The role of noradrenaline extends beyond response inhibition (8). Previous studies have linked the noradrenergic system with other executive functions, such as cognitive flexibility in response to a changing environment (10). For example, attentional set-shifting in the Wisconsin Card Sorting Test and Cambridge Neuropsychological Test Automated Battery intradimensional/extradimensional set-shifting task are impaired by PD (49, 50) and in animals with selective depletion of cortical noradrenaline (51, 52) but can be relieved by atomoxetine (53, 54). Noradrenergic systems may therefore support multiple executive processes, including control of motor and nonmotor impulsivity, response inhibition, and cognitive flexibility (21, 55), which requires further evaluation for PD.

There are clinical, methodological, and pharmacologic limitations with this study. First, our investigation was limited to response inhibition rather than other dimensions of impulsivity, such as reflection impulsivity or impairment of decisions based on risk and rewards. The latter have been strongly associated with dopaminergic dysfunction in treated PD (1, 2, 3). Second, we relied on clinical diagnostic criteria because the United Kingdom PD Society Brain Bank Criteria have high sensitivity and specificity. Clinically, none of our patients had impulse control disorders (ICDs). But, we note that PD causes impulsivity and response inhibition deficits even without ICDs (30, 31, 56). Further studies are needed to test whether atomoxetine can improve impulsivity in patients with ICDs. Third, fMRI measures a hemodynamic response to neural activity and in principle atomoxetine might alter fMRI signals through affecting regional cerebral blood flow. However, the frontal regions and striatum retain normal blood flow under atomoxetine (57). Moreover, the cognitive and anatomical specificity of the effects we observed make a significant direct or generic effect of atomoxetine on the neurovascular response unlikely.

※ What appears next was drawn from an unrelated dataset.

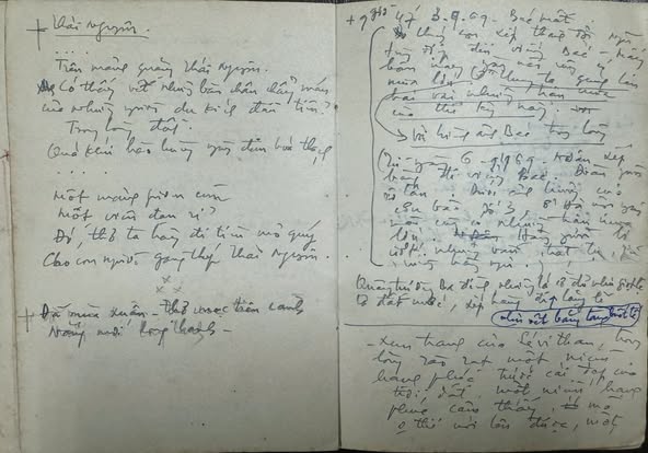 Đặc biệt, trong sổ còn ghi lại những dòng cảm xúc chân thành khi Bác Hồ qua đời: “9 giờ 47 phút ngày 3/9/1969, Bác mất. Chúng con xếp thành hàng ngũ trùng điệp đến viếng Bác, mấy hôm nay ngày nào cũng có mưa lớn… Từ ngày 6 đến 9/9/1969, nhân dân xếp hàng đi viếng Bác… dưới ảnh hưởng của cơn bão số 3, ở Hà Nội ngày nào cũng có những trận mưa lớn, hàng người bị ướt nhưng vẫn trật tự, giữ đúng hàng ngũ. Quảng trường Ba Đình, những lá cờ đỏ như giọt lệ của đất nước…” Những dòng chữ ấy không chỉ là ghi chép, mà còn là chứng nhân cảm xúc của một người lính, người nghệ sĩ trước nỗi mất mát lớn lao của dân tộc.
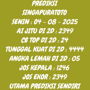 Prediksi Singapore Rabu, 14-01-2026 Merupakan Prediksi Otomatis yang menggabungkan Metode Kalender Togel Dengan LN Generator yang akurasi prediksinya sudah kita ketahui bersama. Jadi harap Maklum Jika kadang meleset Prediksi Singapore kita. Jadikan ini sebagai perbandingan saja dan tetap Utamakan karya sendiri

Finally, we must consider the neuropharmacologic complexity of patients and atomoxetine. Our data alone cannot determine whether the effects of atomoxetine are via cortical reuptake inhibition (most likely) (23, 55), from changes in phasic-to-tonic firing ratios in the locus coeruleus (45), or through antagonism of glutamate receptors (58). We recognize that atomoxetine can increase extracellular dopamine levels (59) and our patients took levodopa and/or dopamine agonists. But the atomoxetine effect is unlikely mediated by indirect dopaminergic mechanisms. First, as we have shown with multiple regression models, the atomoxetine effect on activation was independent of LED. Second, the specific effect of dopamine on stop-signal inhibition is unclear. Some studies of SSRT have used methylphenidate, which increases extracellular levels of both dopamine and noradrenaline, leaving it ambiguous as to whether dopamine or noradrenaline is responsible for the beneficial effect (11, 24, 60, 61). Studies that used more selective dopaminergic agents, such as levodopa and dopamine transporter blocker, have observed minor effects on SSRT, and patients with PD have poor response inhibition both on and off medication (12, 30, 55, 62). The advent of more selective noradrenergic drugs will further address these issues in the future.

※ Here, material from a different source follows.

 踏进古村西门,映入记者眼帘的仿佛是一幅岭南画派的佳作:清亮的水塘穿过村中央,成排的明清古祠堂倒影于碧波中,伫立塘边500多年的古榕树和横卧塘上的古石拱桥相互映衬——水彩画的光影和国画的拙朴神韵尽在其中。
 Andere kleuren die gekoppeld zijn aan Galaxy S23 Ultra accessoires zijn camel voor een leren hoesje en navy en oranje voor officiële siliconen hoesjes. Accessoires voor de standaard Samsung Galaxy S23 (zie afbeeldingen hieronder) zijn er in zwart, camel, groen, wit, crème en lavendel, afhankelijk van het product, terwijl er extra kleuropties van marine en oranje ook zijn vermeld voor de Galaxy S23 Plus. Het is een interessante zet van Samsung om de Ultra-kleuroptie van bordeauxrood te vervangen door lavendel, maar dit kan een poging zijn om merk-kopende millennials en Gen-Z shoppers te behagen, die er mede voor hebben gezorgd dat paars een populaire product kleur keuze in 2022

In conclusion, the noradrenergic reuptake inhibitor atomoxetine can improve response inhibition in a subgroup of patients, especially when it is associated with enhanced stop-signal activation in the inferior frontal cortex (which is more likely with relatively more advanced disease). The behavioral measure or response inhibition efficacy was improved (i.e., shorter SSRT) for patients in whom frontostriatal functional connectivity was also enhanced by atomoxetine or in those with relatively preserved frontostriatal structural connectivity. These findings contribute to the broader understanding of the importance of noradrenergic systems for executive functions and point the way to new stratified clinical trials of noradrenergic therapies in selected patients with Parkinson’s disease.